The recent growth in popularity of renewable energy sources has had many an effect on consumers, the economy and all the middle men in between.

In particular, the stability of the national grids has suffered negatively, as the lack of regularity, and subsequently reliability, has put a higher strain on the grids’ management system. For example, in our article published a few weeks ago, we outline the findings from the US Department of Energy’s 2017 study; these concluded that to some extent, green energy can even be harmful.

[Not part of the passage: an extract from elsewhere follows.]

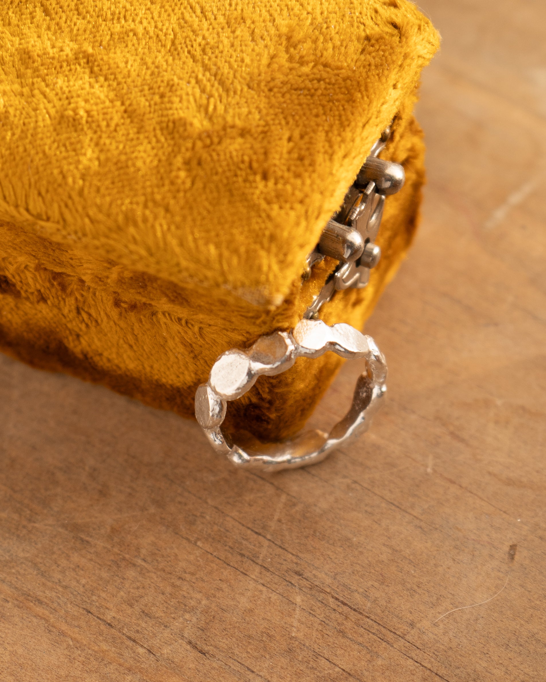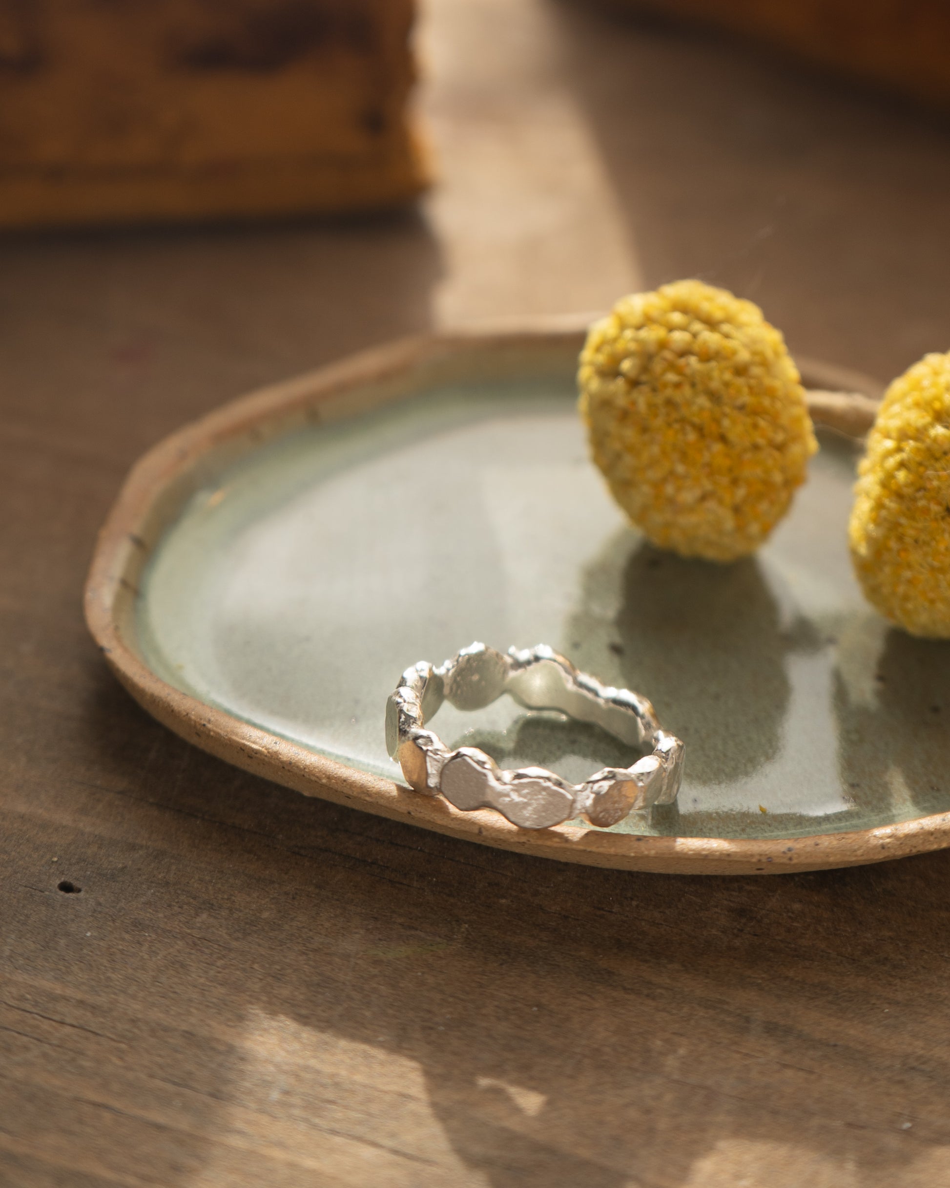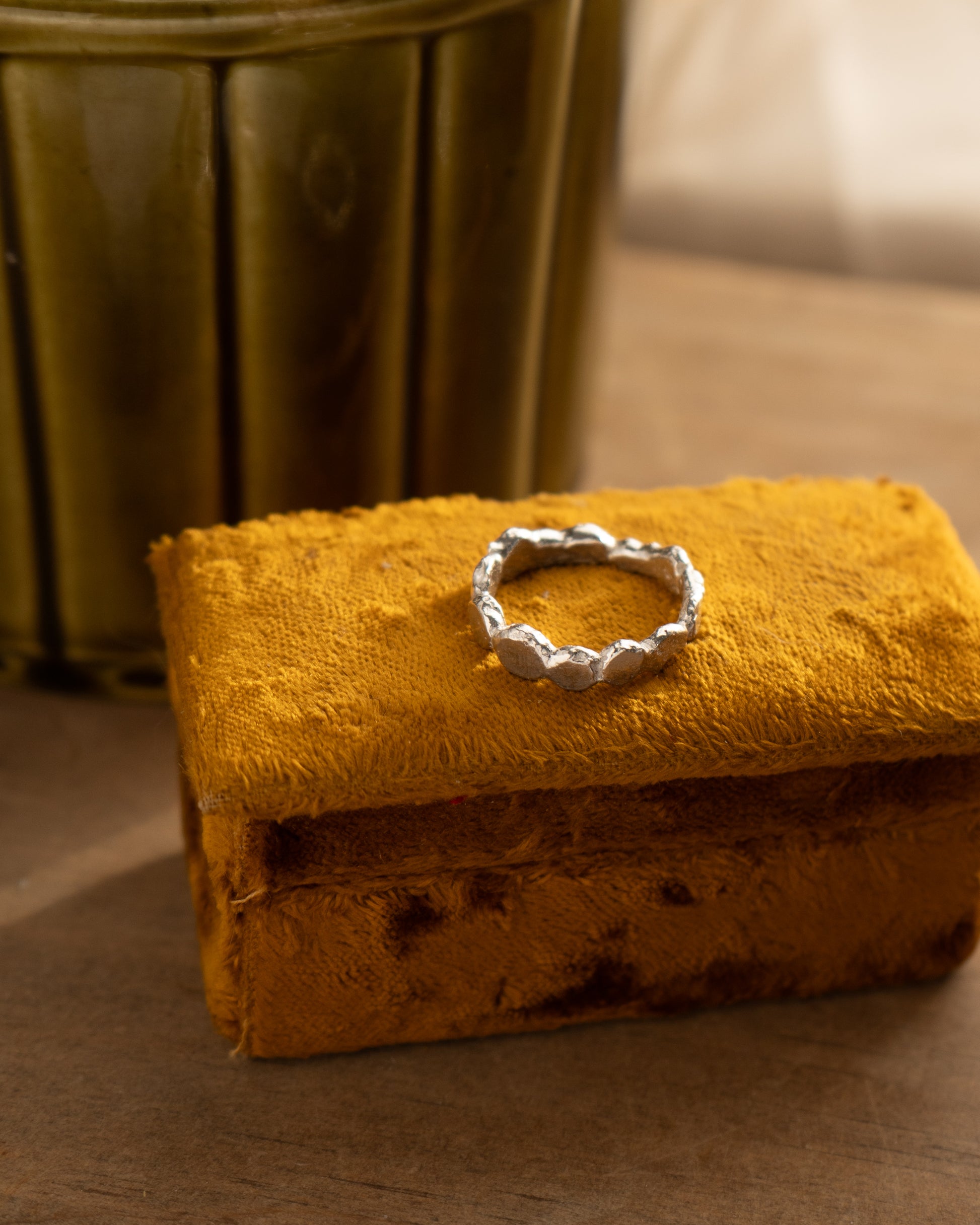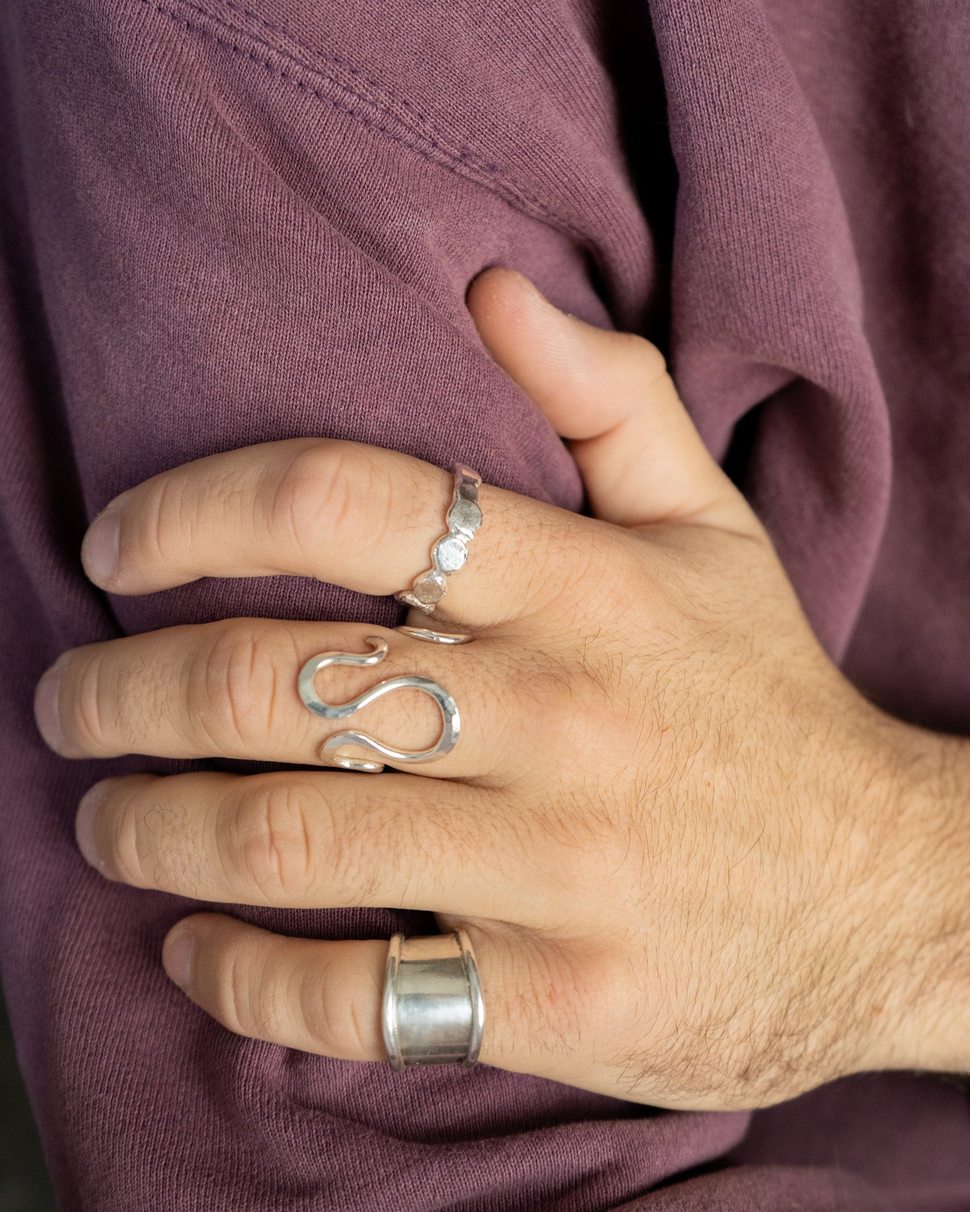 A boulder is a large, naturally formed rock known for its steady presence and simple strength. The boulder band is handmade from recycled .925 sterling silver, each ball of silver gets gently flattened to form a soft, stone-like shape. No two rings are the same making each ring one of a kind.

However, the lack of regularity has its benefits, too. One such benefit is the innovation it subsequently creates as researchers try and solve the problem through technologies such as energy storage solutions. One popular solution is a redox flow battery. Redox, short for reduction-oxidation reaction, creates a flow of electrolyte solutions through the electrochemical cells during charge and discharge, and could now be the answer to efforts in stabilising green energy.

Coming from Johannes Gutenberg University in Mainz, Germany, this initiative is led by researchers using lignin – a waste product from the wood pulp production process – as their raw material. Naturally, it maintains stability in plants and wood, which is the reasoning behind introducing it into batteries, where it would perform the same action through electrosynthesis. This lignin would serve to replace previously used vanadium, which is more expensive and less abundant in nature.

“By subjecting the waste sludge from paper and pulp production to electrochemical decomposition we can obtain quinones, which we can then further process so they are suitable for use in organic batteries,” explains Siegfried Waldvogel, professor of organic chemistry and head of the research team.

At the moment, the lignin redox batteries are under development, with over 4 million Euros from a number of sources, including the German Federal Ministry of Agriculture. The study is currently funded until January 2019, but the team expects results sooner than this.

As big fans of batteries and new energy storage solutions in general, Dashboard is very excited about the research being conducted by Waldvogel’s team. By converting lignin into a redox battery capable of regulating the release of energy from renewable sources, a current challenge is being addressed, which could lead to a less challenging future for green energy.